3 Summer Erg Workouts for Rowers

If you are a rower, it would be a good idea to do some erging during the summer rowing season. Even if it’s just 1 erg session per week it can really benefit and help your rowing.

Erging in Summer will help you

  • Keep in touch with the erg for the following winter
  • Row some fitness boosting workouts without having to rely on a crew.
  • Extract a maximum rowing related workout from yourself – without worrying about rowing crew technique.
  • Get some extra rowing sessions in (good if you are looking to get an edge over your rivals and are involved in a seat-racing or selection scenario)

All of the following workouts are designed to be short and hard. In summer the priority should be with your on – water rowing sessions. But if you feel you need to erg for any of the reasons above, it would be better if you could just get a quick, effective session in without adversely affecting your crew rowing.

But the thing is – you need to be able to judge this for yourself. And it depends on lots of factors.

Here are some things that you should consider:

  • Your current training load (and how tired you are)
  • Your overall fitness base (and ability to recover from extra sessions)
  • Your time – and the priority you give to rowing or erging
  • Your rowing technique – some people believe that erg can affect your rowing boat technique in a negative way. This is an important consideration if you are a novice or are less experienced rower. Beginner rowers’  rowing technique can be more impressionable and open to influence.

The last point is very important. Say you have spent the past 5 weeks learning how to load your legs in co-ordination with your back and arms. Then you get on the erg and hammer out 5 x 500 meters (causing you to pull and jerk your shoulders at the catch) – you could set yourself back a long way in terms of technical development.

In summer, rowing coaches pay close attention to rowing technique.

But it’s not really a big problem for more experienced rowers – they can usually hold their technique regardless.

Here are the workouts.

Summer Rowing Session #1

  • 8 x 500 meters / 1 minute rest
  • Do 8 times 500 meters with a 1 minute rest.
  • Aim for a consistent average erg score.
  • You can vary the intensity using average power or rating.
  • Or, if you are feeling really good, extend the session to 10 x 500 meters.

 

Summer Rowing Session  #2

  • (16 strokes hard / 5 strokes light) x 15
  • Row hard for 16 strokes (this is 30 seconds if you are rating 32 strokes per minute)
  • Row light for 5 strokes (15 seconds of you rate 20 strokes per minute)
  • Repeat 15 times

Again you can vary the intensity using rate and power. A higher rate will obviously make the work phase shorter.

If you are feeling Olympic, you could take a 5 minute rest after the 15 repetitions and repeat the whole set again.

Summer Rowing Session  # 3

  • 3 x 1000 meters (rest time: same as your work time)
  • This session is great and one of the best (in my opinion) for summer rowing training.
  • The session is based on the erg workouts that boost your Vo2 Max article and you should read it for more details.

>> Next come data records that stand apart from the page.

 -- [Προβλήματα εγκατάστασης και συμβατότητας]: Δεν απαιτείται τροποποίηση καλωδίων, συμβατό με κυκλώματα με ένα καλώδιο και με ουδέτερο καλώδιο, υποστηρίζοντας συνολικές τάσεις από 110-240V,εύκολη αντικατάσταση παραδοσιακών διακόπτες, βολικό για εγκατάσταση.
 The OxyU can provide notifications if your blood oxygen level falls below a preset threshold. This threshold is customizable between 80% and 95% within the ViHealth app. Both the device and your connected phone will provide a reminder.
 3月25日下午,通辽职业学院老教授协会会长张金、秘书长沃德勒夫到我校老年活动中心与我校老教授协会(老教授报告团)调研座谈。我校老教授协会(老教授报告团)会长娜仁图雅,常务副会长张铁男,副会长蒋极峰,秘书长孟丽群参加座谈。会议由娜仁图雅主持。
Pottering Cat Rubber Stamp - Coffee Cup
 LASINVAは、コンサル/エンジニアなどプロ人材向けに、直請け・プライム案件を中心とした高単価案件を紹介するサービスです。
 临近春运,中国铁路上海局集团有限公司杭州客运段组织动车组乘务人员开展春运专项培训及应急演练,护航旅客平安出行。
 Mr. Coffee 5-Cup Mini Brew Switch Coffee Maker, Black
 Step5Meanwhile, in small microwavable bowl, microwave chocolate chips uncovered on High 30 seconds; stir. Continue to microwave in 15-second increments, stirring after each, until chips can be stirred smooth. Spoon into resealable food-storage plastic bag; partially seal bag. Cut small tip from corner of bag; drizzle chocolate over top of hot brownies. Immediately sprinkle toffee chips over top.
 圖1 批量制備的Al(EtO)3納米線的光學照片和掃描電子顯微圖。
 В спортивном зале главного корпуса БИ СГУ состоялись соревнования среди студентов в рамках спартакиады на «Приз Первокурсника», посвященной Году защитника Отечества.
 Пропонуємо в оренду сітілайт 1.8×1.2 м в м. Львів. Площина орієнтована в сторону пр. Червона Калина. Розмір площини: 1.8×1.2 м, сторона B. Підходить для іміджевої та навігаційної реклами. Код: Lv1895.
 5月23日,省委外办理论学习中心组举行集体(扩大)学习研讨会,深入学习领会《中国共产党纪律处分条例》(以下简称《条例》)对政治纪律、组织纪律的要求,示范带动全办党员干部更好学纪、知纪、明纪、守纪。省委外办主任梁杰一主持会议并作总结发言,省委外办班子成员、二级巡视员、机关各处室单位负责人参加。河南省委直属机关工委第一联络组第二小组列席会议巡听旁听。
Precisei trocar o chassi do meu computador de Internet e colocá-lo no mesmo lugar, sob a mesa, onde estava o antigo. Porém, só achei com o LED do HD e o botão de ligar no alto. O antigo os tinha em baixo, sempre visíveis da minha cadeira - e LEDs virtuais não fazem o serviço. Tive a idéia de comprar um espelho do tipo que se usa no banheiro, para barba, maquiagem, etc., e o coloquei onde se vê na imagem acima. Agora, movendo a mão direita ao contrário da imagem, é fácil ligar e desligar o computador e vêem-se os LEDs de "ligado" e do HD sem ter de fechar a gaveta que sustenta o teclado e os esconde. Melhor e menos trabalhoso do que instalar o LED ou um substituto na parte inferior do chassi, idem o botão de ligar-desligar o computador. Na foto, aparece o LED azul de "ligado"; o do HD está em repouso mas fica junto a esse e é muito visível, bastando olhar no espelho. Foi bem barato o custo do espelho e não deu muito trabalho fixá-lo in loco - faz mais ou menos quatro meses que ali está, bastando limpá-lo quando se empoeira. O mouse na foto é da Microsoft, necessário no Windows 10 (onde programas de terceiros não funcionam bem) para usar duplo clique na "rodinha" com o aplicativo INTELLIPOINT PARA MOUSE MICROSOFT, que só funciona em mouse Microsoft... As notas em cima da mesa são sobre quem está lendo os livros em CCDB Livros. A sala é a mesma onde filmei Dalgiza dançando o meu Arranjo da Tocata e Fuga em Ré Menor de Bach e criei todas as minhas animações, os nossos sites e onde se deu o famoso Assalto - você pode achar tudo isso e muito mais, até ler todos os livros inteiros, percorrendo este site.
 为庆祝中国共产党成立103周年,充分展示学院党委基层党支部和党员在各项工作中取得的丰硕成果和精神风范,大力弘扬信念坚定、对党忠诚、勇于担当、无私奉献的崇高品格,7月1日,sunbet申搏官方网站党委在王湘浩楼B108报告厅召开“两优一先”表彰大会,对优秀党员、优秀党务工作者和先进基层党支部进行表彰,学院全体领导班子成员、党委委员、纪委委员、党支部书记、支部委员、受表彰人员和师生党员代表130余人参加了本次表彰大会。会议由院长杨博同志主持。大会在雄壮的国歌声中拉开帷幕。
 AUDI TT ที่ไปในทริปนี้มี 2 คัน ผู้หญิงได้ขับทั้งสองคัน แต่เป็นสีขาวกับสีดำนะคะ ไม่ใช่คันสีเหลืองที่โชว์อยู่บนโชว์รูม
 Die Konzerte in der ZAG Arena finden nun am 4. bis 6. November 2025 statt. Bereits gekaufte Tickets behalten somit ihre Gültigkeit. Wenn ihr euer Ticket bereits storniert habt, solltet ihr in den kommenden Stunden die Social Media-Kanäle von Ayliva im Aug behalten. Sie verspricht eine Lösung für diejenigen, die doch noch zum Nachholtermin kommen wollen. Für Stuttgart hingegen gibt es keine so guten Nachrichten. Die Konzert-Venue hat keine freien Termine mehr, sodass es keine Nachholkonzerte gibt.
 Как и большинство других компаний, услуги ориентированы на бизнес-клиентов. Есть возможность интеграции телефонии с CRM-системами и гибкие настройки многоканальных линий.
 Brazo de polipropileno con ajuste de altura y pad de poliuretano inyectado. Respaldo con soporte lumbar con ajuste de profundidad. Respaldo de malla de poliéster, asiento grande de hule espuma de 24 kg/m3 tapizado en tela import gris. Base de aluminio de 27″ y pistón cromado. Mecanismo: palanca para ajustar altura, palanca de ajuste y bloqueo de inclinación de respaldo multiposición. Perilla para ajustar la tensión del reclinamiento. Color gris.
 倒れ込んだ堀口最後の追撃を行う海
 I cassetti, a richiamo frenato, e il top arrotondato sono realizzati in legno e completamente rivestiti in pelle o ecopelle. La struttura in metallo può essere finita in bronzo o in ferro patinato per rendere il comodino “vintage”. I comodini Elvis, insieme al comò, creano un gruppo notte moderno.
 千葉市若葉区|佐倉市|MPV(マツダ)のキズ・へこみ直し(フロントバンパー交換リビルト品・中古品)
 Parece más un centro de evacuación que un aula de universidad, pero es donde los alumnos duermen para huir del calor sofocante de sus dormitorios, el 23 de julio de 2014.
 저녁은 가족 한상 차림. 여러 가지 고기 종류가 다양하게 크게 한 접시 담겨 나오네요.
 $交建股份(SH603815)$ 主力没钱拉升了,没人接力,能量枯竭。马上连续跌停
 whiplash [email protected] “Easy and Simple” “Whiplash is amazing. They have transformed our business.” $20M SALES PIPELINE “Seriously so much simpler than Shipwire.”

Important. For all the workouts, you should warm up well (as you would for any hard rowing workout). Also bear in mind the timing of the session. If you are using the erg to get ahead and do some extra sessions by yourself make sure you do them when they will least affect your actual crew rowing sessions.

The best time to do them is when there is no rowing seat racing imminent. And you know you will have plenty of time to recover for the next important crew rowing session. I stress important here, because you need to decide which crew rowing sessions are important.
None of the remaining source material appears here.